#### Data for review
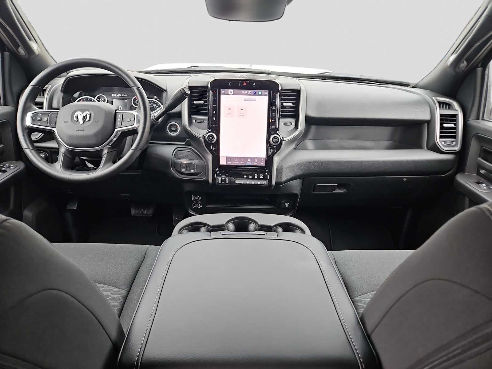 ENGINE: 6.7L I6 CUMMINS HO TURBO DIESEL Selective Catalytic Reduction (Urea), Dual 730 Amp Maintenance Free Batteries, Cummins Turbo Diesel Badge, Heavy Duty Engine Cooling, Diesel Exhaust Brake, Supplemental Heater, 3.42 Axle Ratio, Front Bumper Sight Shields, Capless Fuel Fill w/o Discriminator, GVWR: 11,040 lbs, TRADESMAN LEVEL 1 EQUIPMENT GROUP Convenience Group, Emergency Vehicle Alert System (EVAS), 12 Touchscreen Display, Exterior 115V AC Outlet, Alexa Built-In, Disassociated Touchscreen Display, 115V Auxiliary Front Power Outlet, Rear View Auto Dim Mirror, Rear Power Sliding Window, Tinted Acoustic Windshield Glass, GPS Navigation, SiriusXM w/360L, Connected Travel & Traffic Services, Off-Road Info Pages, Trailer Tow Pages, 400W Inverter, HD Radio, Radio: Uconnect 5 Nav w/12.0 Display, Air Conditioning ATC w/Dual Zone Control, BED UTILITY GROUP MOPAR Spray In Bedliner, LED Bed Lighting, MOPAR Deployable Bed Step, ANTI-SPIN DIFFERENTIAL REAR AXLE, TRANSMISSION: 8-SPEED TORQUEFLITE HD AUTOMATIC, BLACK, CLOTH 40/20/40 BENCH SEAT, QUICK ORDER PACKAGE 24C BLACK EXPRESS Engine: 6.7L I6 Cummins HO Turbo Diesel, Transmission: 8-Speed TorqueFlite HD Automatic, Wheels: 20 x 8.0 Black Painted Aluminum, Auto Power-Folding Mirrors, Painted Front Bumper, Painted Rear Bumper, Exterior Mirrors w/Heating Element, MOPAR Black Tubular Side Steps, Mirror Running Lights, Body Color Grille-Surround, Carpet Floor Covering, Power-Adjustable Convex Aux Mirrors, Forward & Reverse Utility Lights, Power Heated Folding Telescopic Mirrors, Exterior Mirrors w/Supplemental Signals, Sport Performance Hood, Exterior Mirrors Courtesy Lamps, Tires: LT285/60R20E OWL On/Off Road, Power Adjust Mirrors, Power Telescoping Mirrors, Front & Rear Floor Mats, ParkSense Front/Rear Park Assist System. Ram Tradesman with Silver Zynith exterior and Black interior features a Straight 6 Cylinder Engine with 430 HP at 2800 RPM*.
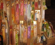 to miejsce przepelnione cieplem i energia, miejsce gdzie przyziemne daje upust sztuce. Stad wlasnie z pod precyzyjnego pedzla odlatuja w swiat moje anioly. Poczawszy od lupanego gonta przez inne szlachetne a jakze naturalne materialy takie jak jedwab, len czy bawelna Az po ceramike toczona na tradycyjnym kole garncarskim. Natura jest dla mnie inspiracja. Anioly tańczące na moich gontach malowane są z prawdziwą pasją Tkaniny wychodzące spod mojego pedzla nabieraja barwnych, kwiatowych lub geometrycznych wzorow Ceramika również nabiera zycia poprzez świeze kolory i fikuśne wzory Oprocz oryginalnej formy przekazu mojej twórczości, maluje także na plotnie Starym meblom i innym przedmiotom np. beczkom, maselniczkom nadaje nowe Zycie. Moje prace można spotkac głownie na terenie Rzeszowa i Bieszczad ale także w Krakowie Warszawie Kazimierzu. Ostatnie moje wystawy odbyly się w galerii ‘dzwonnica’ w Wilanowie i w galerii ‘barak’ w miejscowości Czarna w Bieszczadach - tam zorganizowany był pokaz sukienek, szali i innych tkanin Wykonuje tez prace na indywidualne zamowienia.
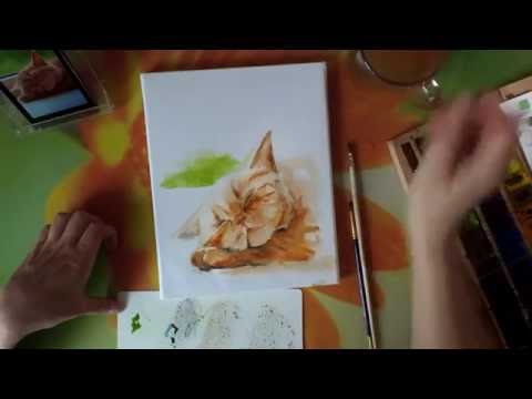 Картина акварелью. Сон рыжего кота.
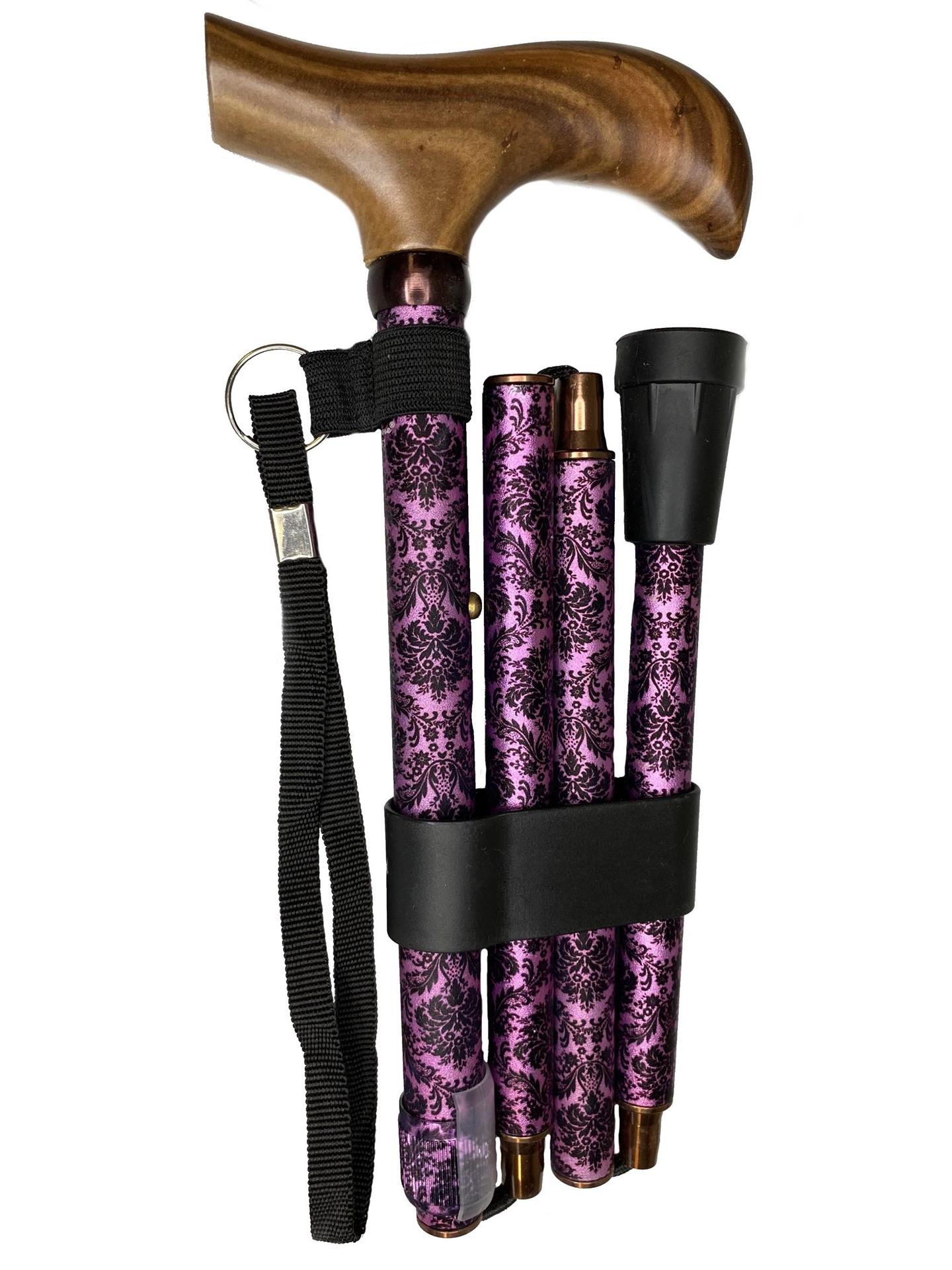 Canne de marche avec manche en bois courbé dans un motif fantaisie.
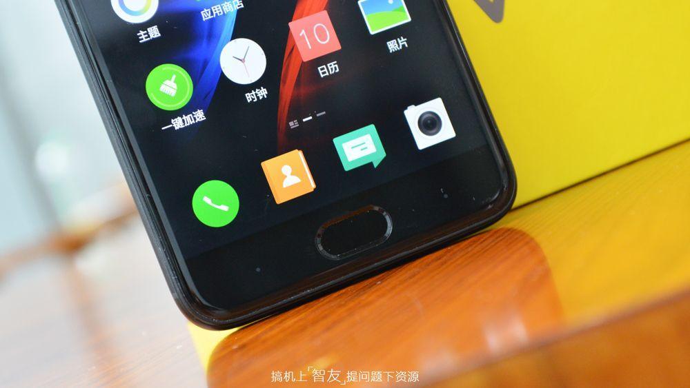 依旧保留了安卓机的虚拟键,中间是不可按压的home指纹识别键。
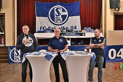 Nach der Diskussionsrunde konnte man sich für die Teilnahme an einem Fussballkegel-Turnier qualifizieren. Max Schober führte - unterstützt von Antonia - alle Teilnehmer durch die Vorrunde, bevor sich in der Runde der letzten drei Jörg Heuting gegen Meggie Krüger und Helmut Menselowski durchsetzen konnte und dafür mit einem Gutschein für ein S04-Trikot belohnt wurde. Die Zuschauerzahlen bei dem Wettbewerb entsprachen schon fast denen in unserer Arena. Auch eine Tombola durfte in diesem Jahr nicht fehlen. Nach dem Motto „jedes Los gewinnt“ fanden mehr als 200 Sachpreise, dabei auch ein Gutschein für ein S04-Trikot als Hauptgewinn, glückliche Gewinner. Einen weiteren Höhepunkt bildete die von Dennis Brucksch organisierte Quizrunde, in der die Teilnehmer bei 04 Schätzfragen ihr Wissen prüfen konnten. Auch hier gab es 04 attraktive Gewinne, u.a. ein Trainingsshirt mit allen Unterschriften der aktuellen Mannschaft. Während der ganzen Zeit standen unsere beiden Gäste weiterhin für persönliche Gespräche zur Verfügung. Einhellige Meinung aller Teilnehmer: zwei sympathische Menschen, die jederzeit wieder bei uns vorbeischauen dürfen.
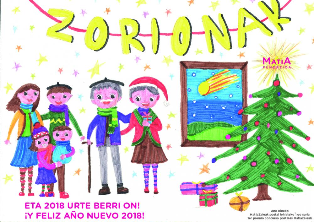 El primer premio ha sido para Ane Rincón, de 13 años. Esta postal será la que utilice Matia Fundazioa y MatiaZaleak para felicitar las Navidades.
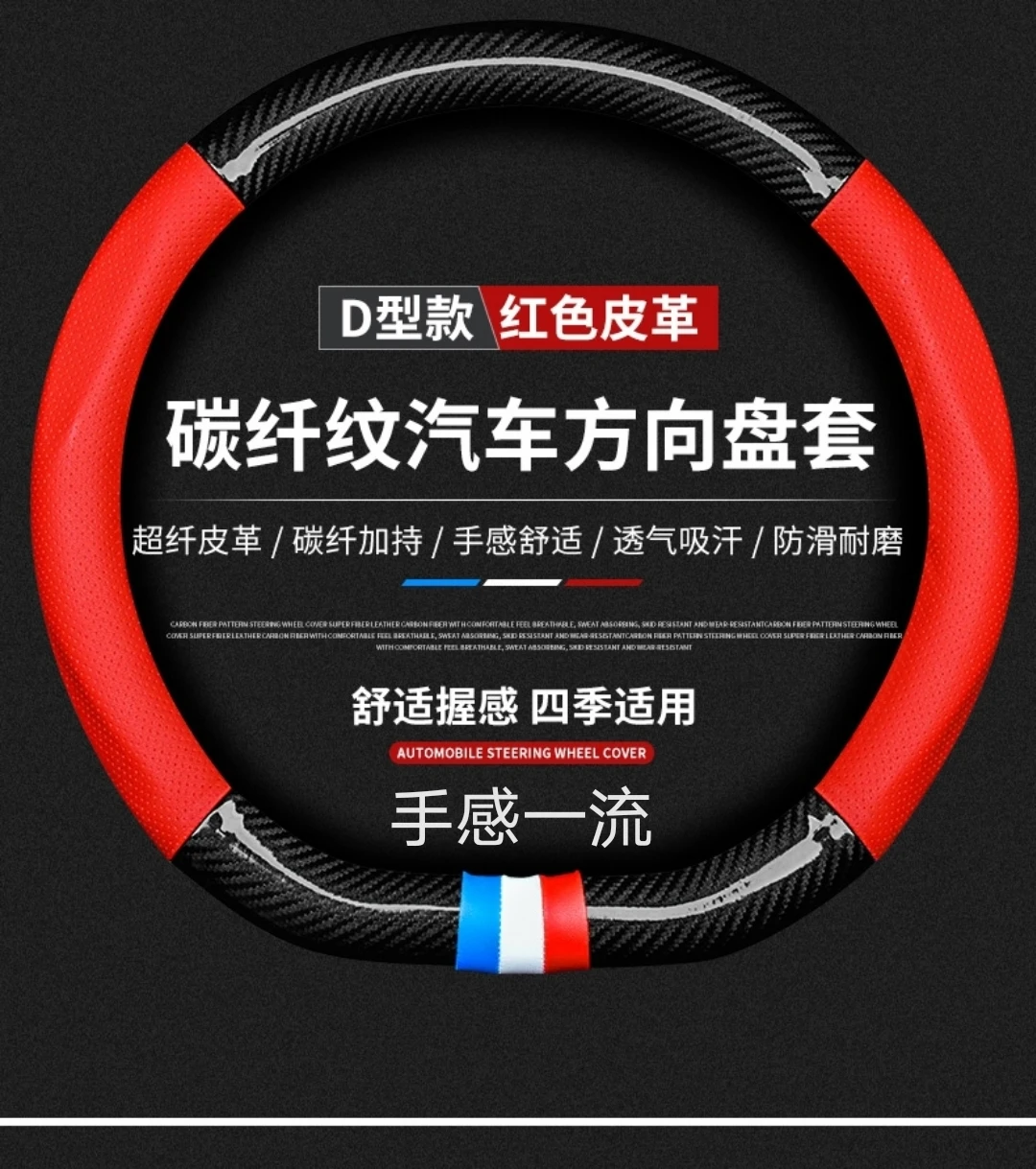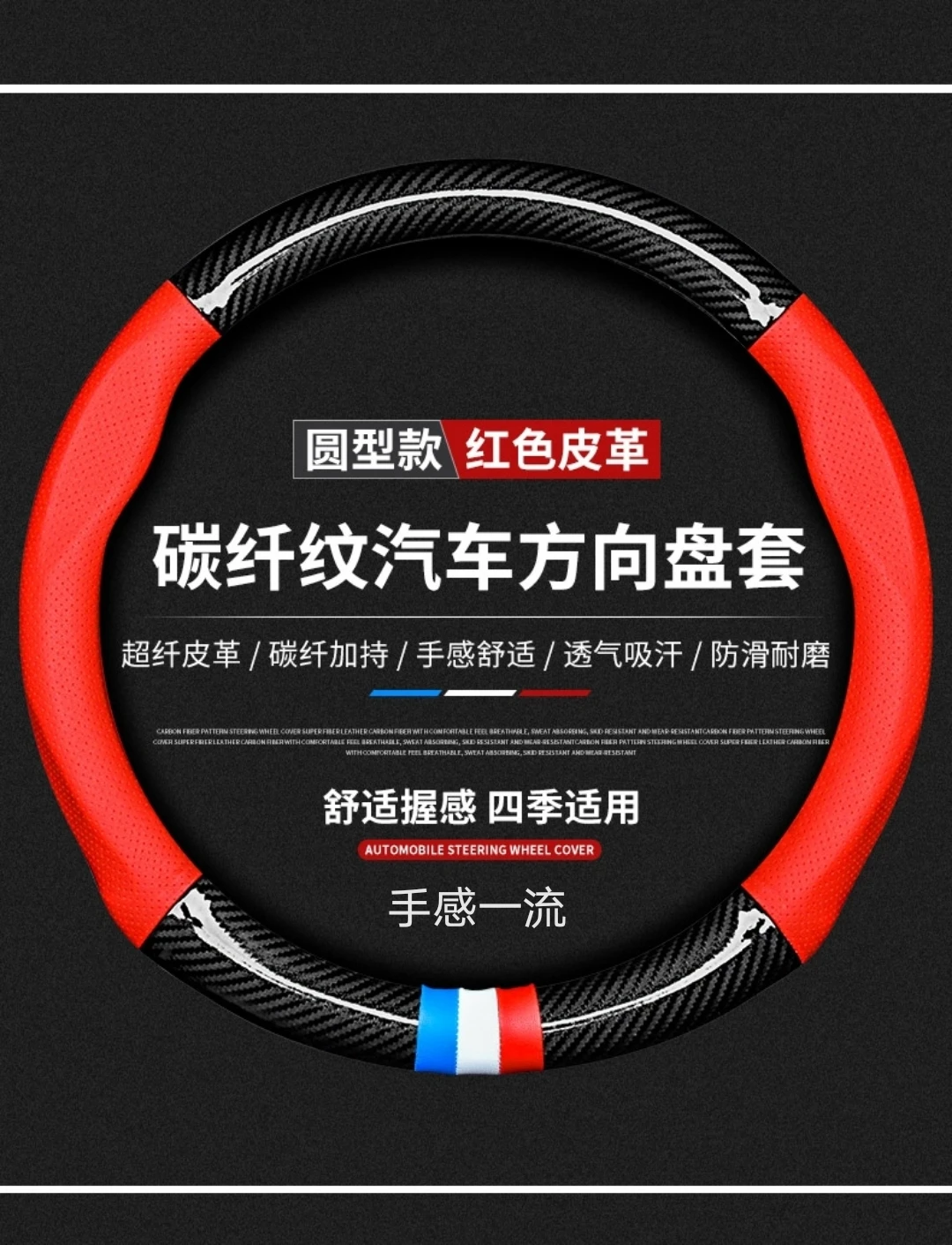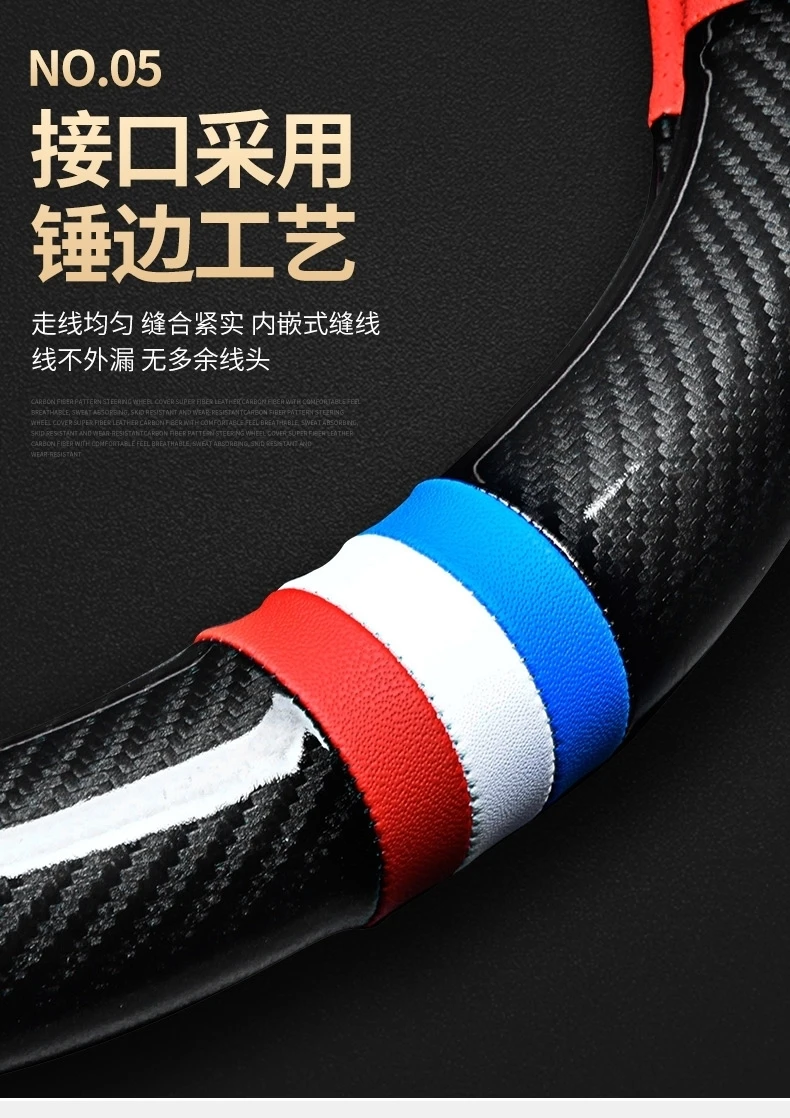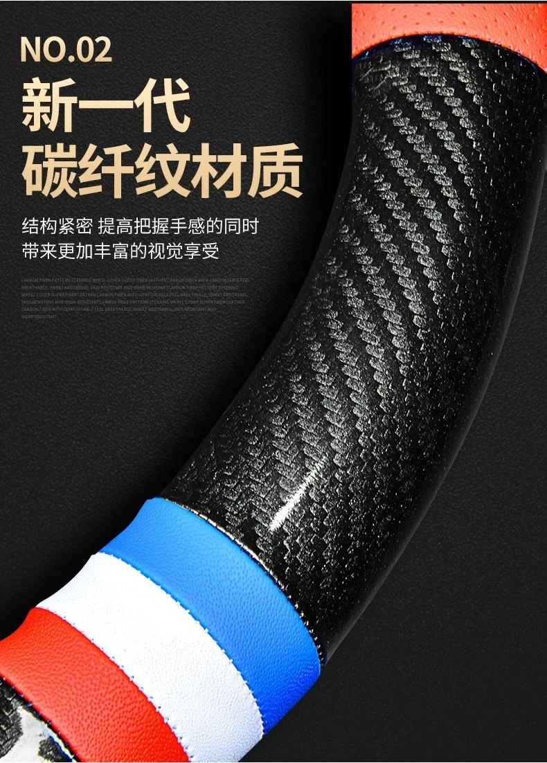 【碳纤打孔皮】汽车方向盘套四季通用防滑耐磨吸汗碳纤真皮把套【
########
Work required:
Both the line containing "to miejsce przepelnione" and the line containing "依旧保留了安卓机的虚拟键,中间是不可按压的home指纹识别键。" above belong in the output, as do the lines between them. Print them exactly, without pictures.

Solution to the exercise:
 to miejsce przepelnione cieplem i energia, miejsce gdzie przyziemne daje upust sztuce. Stad wlasnie z pod precyzyjnego pedzla odlatuja w swiat moje anioly. Poczawszy od lupanego gonta przez inne szlachetne a jakze naturalne materialy takie jak jedwab, len czy bawelna Az po ceramike toczona na tradycyjnym kole garncarskim. Natura jest dla mnie inspiracja. Anioly tańczące na moich gontach malowane są z prawdziwą pasją Tkaniny wychodzące spod mojego pedzla nabieraja barwnych, kwiatowych lub geometrycznych wzorow Ceramika również nabiera zycia poprzez świeze kolory i fikuśne wzory Oprocz oryginalnej formy przekazu mojej twórczości, maluje także na plotnie Starym meblom i innym przedmiotom np. beczkom, maselniczkom nadaje nowe Zycie. Moje prace można spotkac głownie na terenie Rzeszowa i Bieszczad ale także w Krakowie Warszawie Kazimierzu. Ostatnie moje wystawy odbyly się w galerii ‘dzwonnica’ w Wilanowie i w galerii ‘barak’ w miejscowości Czarna w Bieszczadach - tam zorganizowany był pokaz sukienek, szali i innych tkanin Wykonuje tez prace na indywidualne zamowienia.
 Картина акварелью. Сон рыжего кота.
 Canne de marche avec manche en bois courbé dans un motif fantaisie.
 依旧保留了安卓机的虚拟键,中间是不可按压的home指纹识别键。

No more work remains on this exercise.